Recorded data
# # #

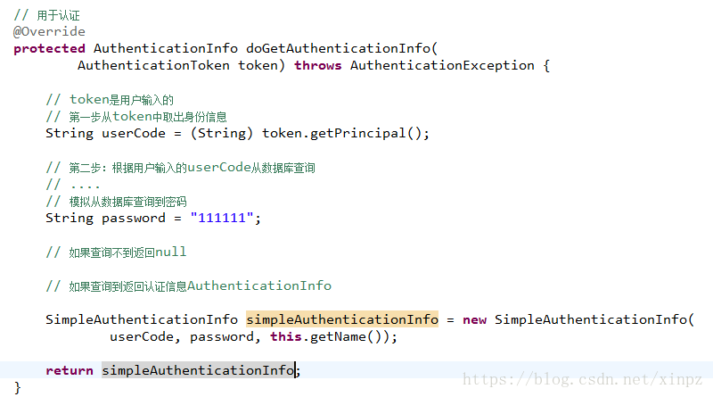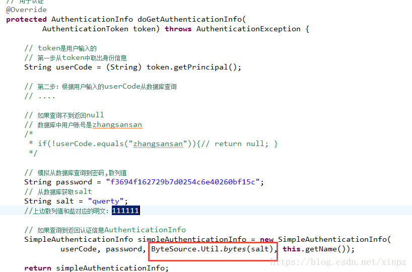 如果查询到用户信息,就给ModularRealmAuthenticator返回用户信息(账号和密码)
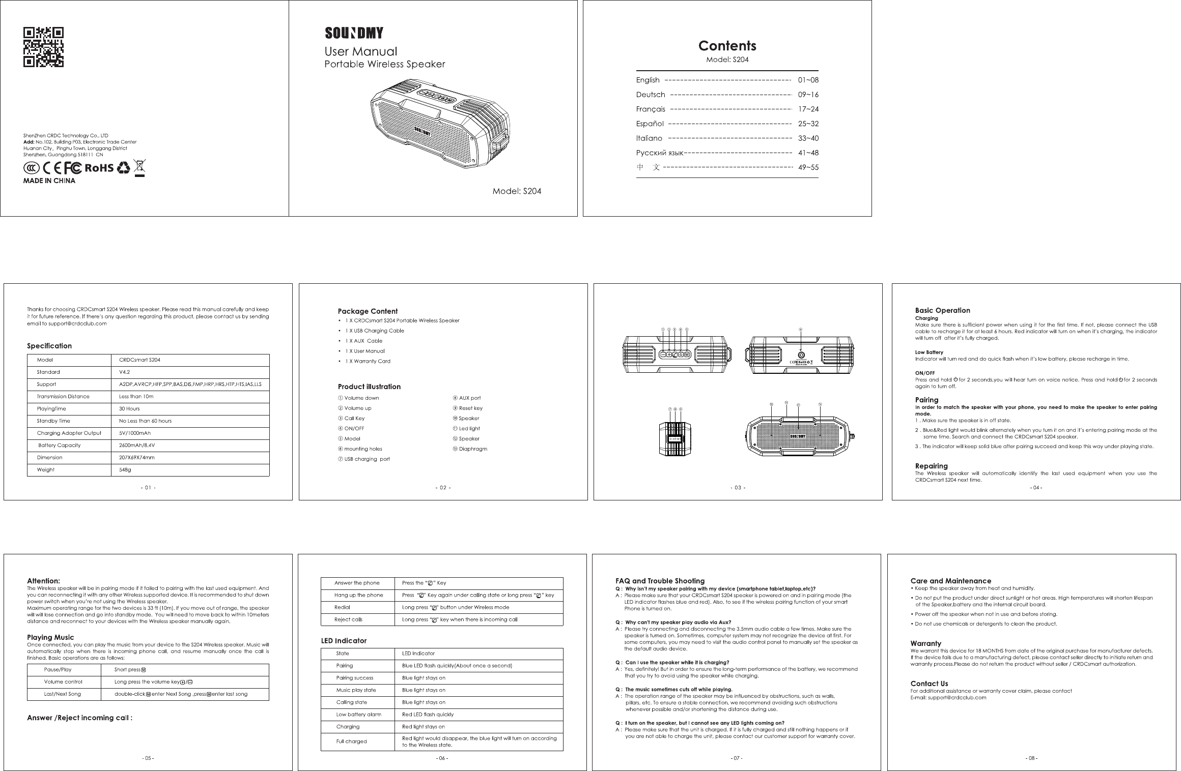 ZanTan Technology S204 Bluetooth speaker User Manual
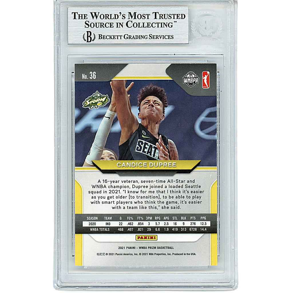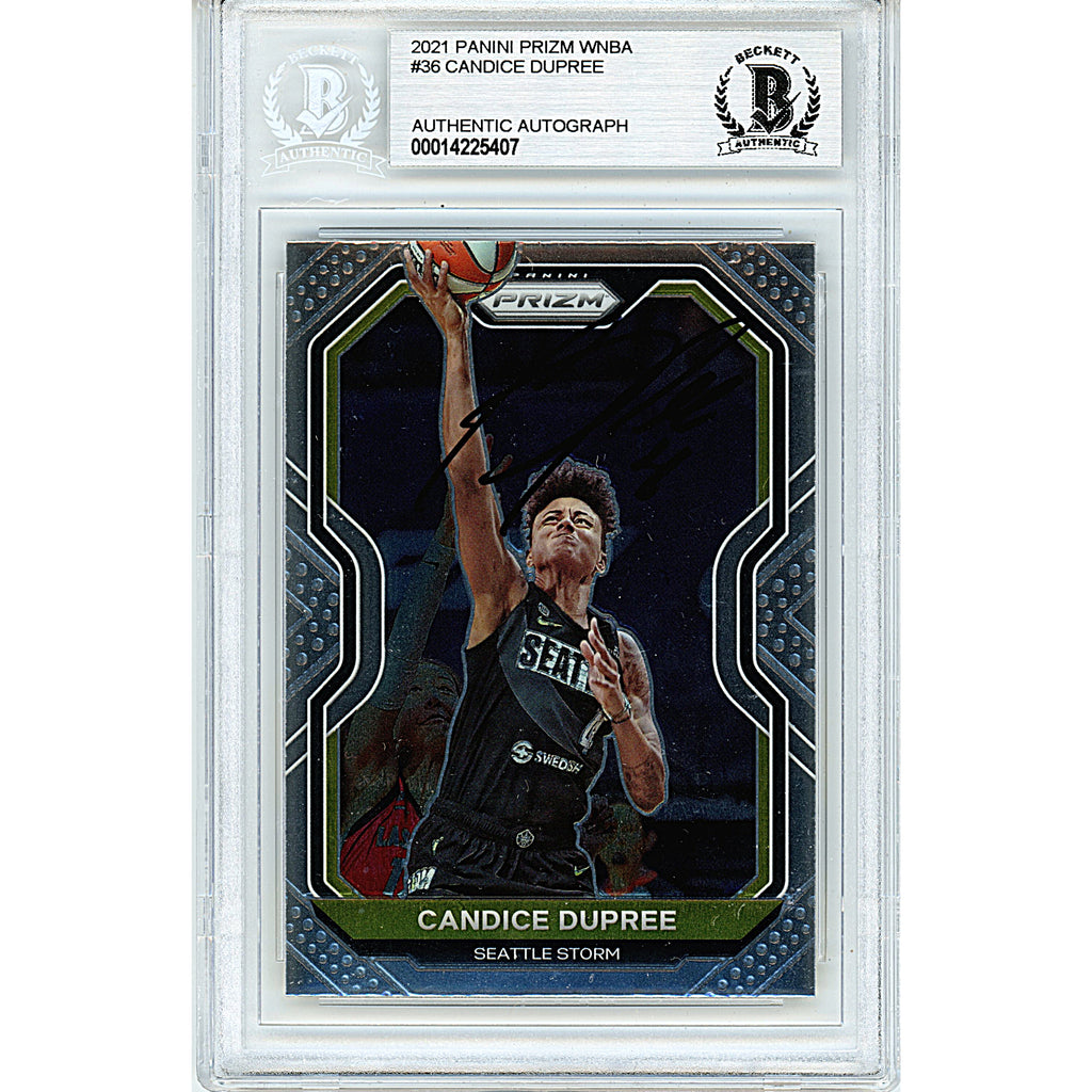 2021 Panini Prizm WNBA #36 — Candice Dupree Seattle Storm Autographed Trading Card — Beckett Authentication — authenticated by Beckett Authentication Services (BAS).
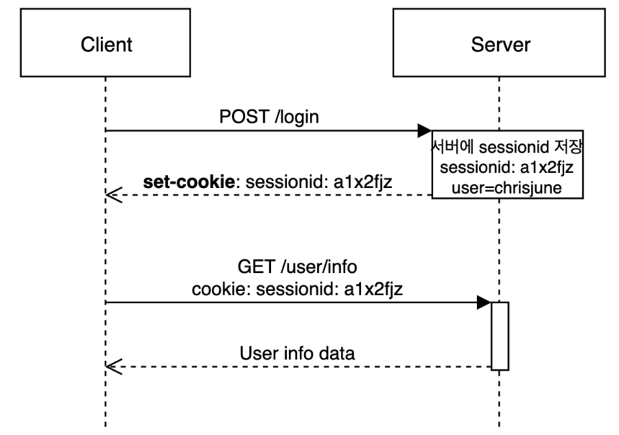 5. 서버에서는 요청 헤더의 세션 ID값을 저장된 세션 저장소에서 찾아보고 유효한지 확인 후 요청을 처리하고 응답한다.
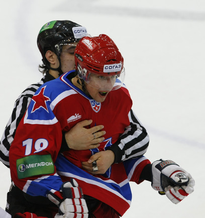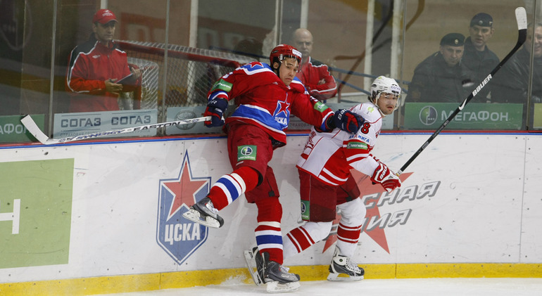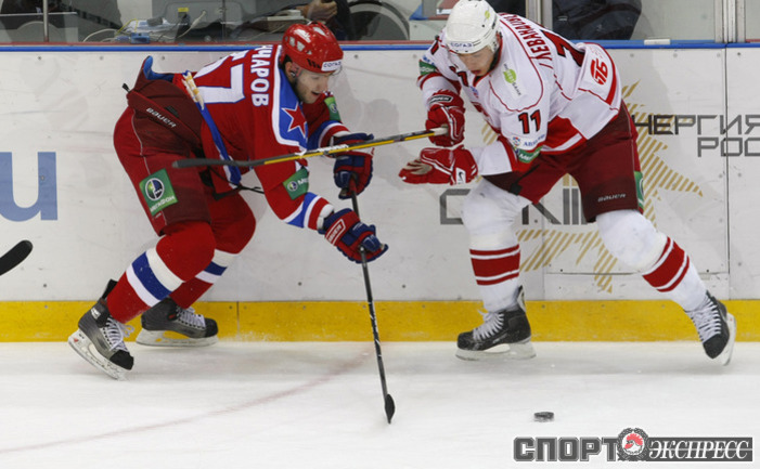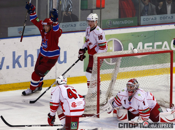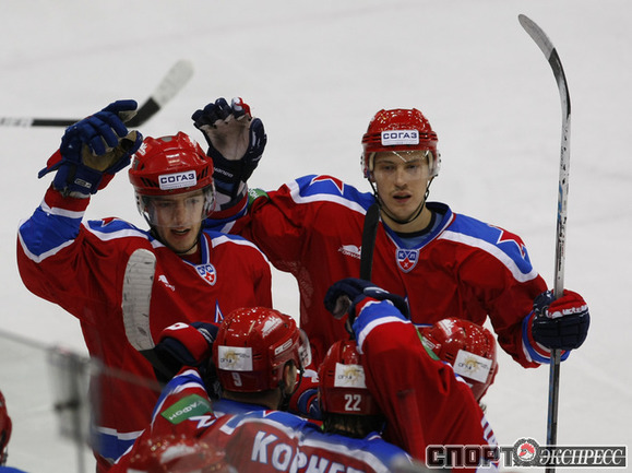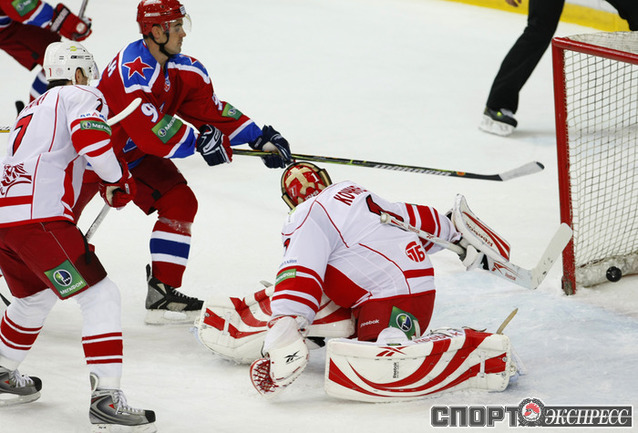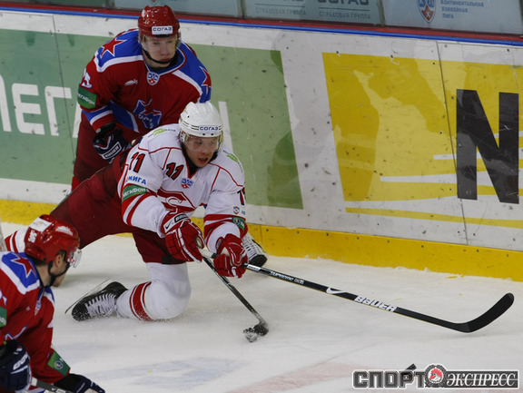 КХЛ. ЦСКА - "Спартак" (Москва) - 4:2 (2:0, 2:2, 0:0). Голы: Паршин - 8 (Суглобов), 9:57 (1:0 - бол.). Хартиган - 4 (Счастливый), 19:06 (2:0 - бол.). Левандовски - 2 (Радивоевич), 20:18 (2:1). Уппер - 3 (Обшут, Радивоевич), 23:02 (2:2 - бол.). Саюстов - 2 (Осипов), 35:37 (3:2). Суглобов - 5 (Гончаров), 36:12 (4:2). В столичном дерби ЦСКА победил "Спартак". Фото - Александр ВИЛЬФ, "СЭ"
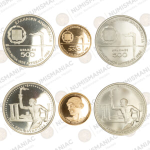Greece 🇬🇷 1984 Olympic Coin Set – Gold 5,000 Drachmai & 2× Silver 500 Drachmai, Los Angeles Games.
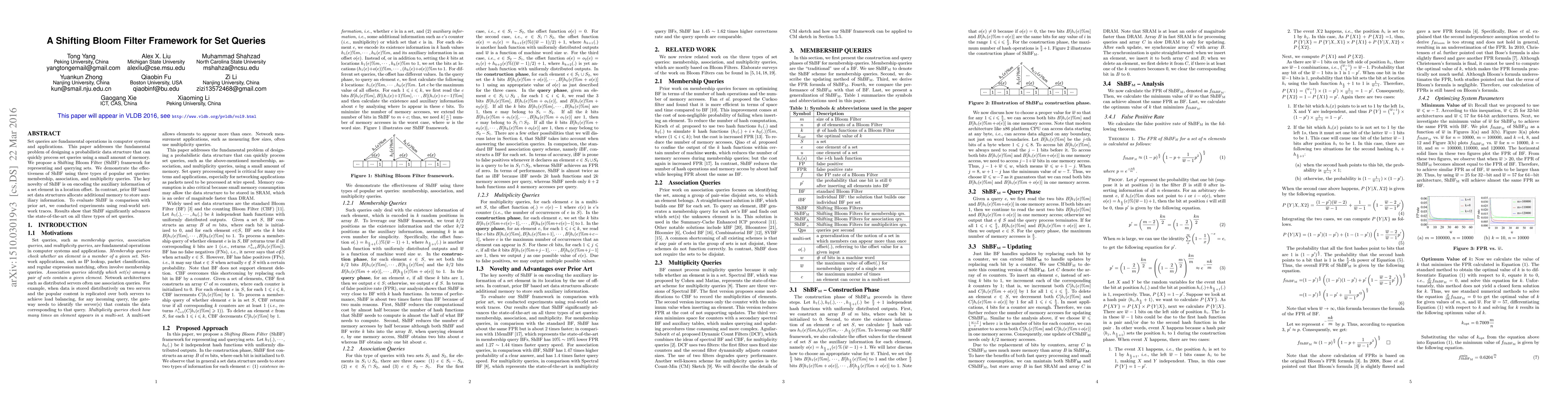 The paper proposes a Shifting Bloom Filter (ShBF) framework for set queries, demonstrating its effectiveness through membership, association, and multiplicity queries. The framework encodes auxiliary information using location offsets, reducing additional memory allocation compared to prior Bloom Filter (BF) based set data structures.

# # #

Task:
Make an exact copy of every entry above, minus the images.

Solution to the exercise:
 如果查询到用户信息,就给ModularRealmAuthenticator返回用户信息(账号和密码)
 ZanTan Technology S204 Bluetooth speaker User Manual
 2021 Panini Prizm WNBA #36 — Candice Dupree Seattle Storm Autographed Trading Card — Beckett Authentication — authenticated by Beckett Authentication Services (BAS).
 5. 서버에서는 요청 헤더의 세션 ID값을 저장된 세션 저장소에서 찾아보고 유효한지 확인 후 요청을 처리하고 응답한다.
 КХЛ. ЦСКА - "Спартак" (Москва) - 4:2 (2:0, 2:2, 0:0). Голы: Паршин - 8 (Суглобов), 9:57 (1:0 - бол.). Хартиган - 4 (Счастливый), 19:06 (2:0 - бол.). Левандовски - 2 (Радивоевич), 20:18 (2:1). Уппер - 3 (Обшут, Радивоевич), 23:02 (2:2 - бол.). Саюстов - 2 (Осипов), 35:37 (3:2). Суглобов - 5 (Гончаров), 36:12 (4:2). В столичном дерби ЦСКА победил "Спартак". Фото - Александр ВИЛЬФ, "СЭ"
Greece 🇬🇷 1984 Olympic Coin Set – Gold 5,000 Drachmai & 2× Silver 500 Drachmai, Los Angeles Games.
 The paper proposes a Shifting Bloom Filter (ShBF) framework for set queries, demonstrating its effectiveness through membership, association, and multiplicity queries. The framework encodes auxiliary information using location offsets, reducing additional memory allocation compared to prior Bloom Filter (BF) based set data structures.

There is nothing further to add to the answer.